Ромкин двигатель снова взорвался, но перед смертью вышел на расчетную мощность. Саид позеленел, аборигены шарахались от его бледной тени. Ромкину тетрадь окурили тайком от злых духов, и Саид каждый раз кривился, приступая к работе. Но, главное, за ним повсюду дрожащим от ужаса хвостиком тянулись четверо смышленых ребят из местных. Саид рявкал на них и всячески гнобил интеллектуальным трудом.

Годовщину встречали дружно, на подъеме.

Ромкин движок, наконец-то, «выдал мощь» и мирно сгорел, отработав аж два ресурса. Саид просветлел.

Женька и Шмустрый раскатали в новом сборочном цехе чертежи носителя в натуральную величину, ползали по ним и склочно делили каждый сантиметр бортового пространства. Женька клялась внуками дать Шмустрому в глаз, беллетрист рычал в ответ прорезавшимся басом.

Муртазин откопал еще один котлован, под старт, напоролся на нефтеносный слой и велел засЫпать — не дай бог раджа проснется! Ожившего Саида Витька запер в рабочем коттедже вместе с приближенными туземцами и поклялся дверь не отпирать, пока капсулы не увидит. Первое время заключенцы слезно просились на солнышко, затем притерпелись. Звуки из-за дверей доносились железные, сочные, правильные.

На двенадцатое апреля Муртазин объявил первый в году выходной.

— Ну, что, пенсионеры, — спросил ядовито, поднимая бокал с кокосовой брагой. — За успех нашего безнадежного дела?

Прибежала Лаша и доложила, что на посадку заходит «ну очень большой самолет». Женька вскинулась, за ней побежали остальные.

Выходной пропал.

Под огромным, в полнеба, «Русланом» собрался весь остров. Онемевший от изумления карго-мастер вытягивал краном прямо в джунгли элементы конструкции, а за стеклами далекой кабины маячили бледные лица ошалевших пилотов.

Женька переселилась в сборочный цех, лично отобрав в помощники сообразительных ребят. Тревожить ее Витька не решался, опасаясь за глаз.

Наконец пришел день, когда Муртазин вернулся со старта и понял, что делать ему нечего. Из срочного все переделал, а на несрочное все равно времени не хватит.

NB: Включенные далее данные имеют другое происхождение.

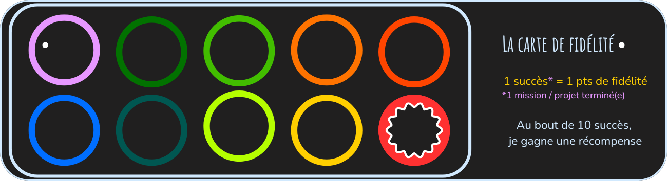 Elle porte bien son nom, comme un système de point, tu coche un point de fidélité à chaque fois que tu a été au bout de ta mission, de tes indispensables de la semaine, etc... A, la fin, tu mérite bien une récompense. Elle te permet de visualiser tes succès en cours et combien il te reste à en accomplir pour avoir une récompense. Et quoi de mieux pour se motiver que d'avoir une carotte au bout du fil ?

— Испытания? — обманчиво ровным голосом предложила Женька. — У нас с Данькой готово.

— Саид?

Ромка воздел к небу руки, мол, все в руках аллаха.

— На десятое октября назначаю пробный запуск, — решил Муртазин. — Готовьтесь, висельники.

Висельники замолчали, не глядя друг другу в глаза.

— Что-то случилось? — забеспокоилась Лаша.

— Все в норме, — нехотя ответил Витька. — Если считать авантюру нормой. Ну, авантюра же! Из трех двигателей два сгорели, Шустрый черт знает что напрограммировал, и ведь не проверишь. Остальное… — он махнул рукой. — Чувствую, накроется все медным тазом!

— Виктор, ты не прав, — Лаша несмело улыбнулась. — Даже если испытательная ракета взорвется, вы сделаете новую. Потому что умеете и у вас есть Гагарин!

Женька посмотрела на девушку с интересом.

— Я не знаю, как объяснить, — засмущалась Лаша. — Я вам лучше расскажу легенду. Когда-то к нашему острову приплыла огромная акула. Рыбаки называли ее Белая Смерть, потому что акула переворачивала лодки и уносила людей. Рыбаки перестали ходить на лов, женщины боялись, дети плакали от голода. И тогда проснулся раджа. Он взял острогу и в поединке один на один победил акулу! Женщины сложили песню, дети пели ее, а рыбаки снова вышли в море. Они больше не боялись акулы! Они стали победителями. А у победителей все получается, рано или поздно. Руки опускаются у побежденных.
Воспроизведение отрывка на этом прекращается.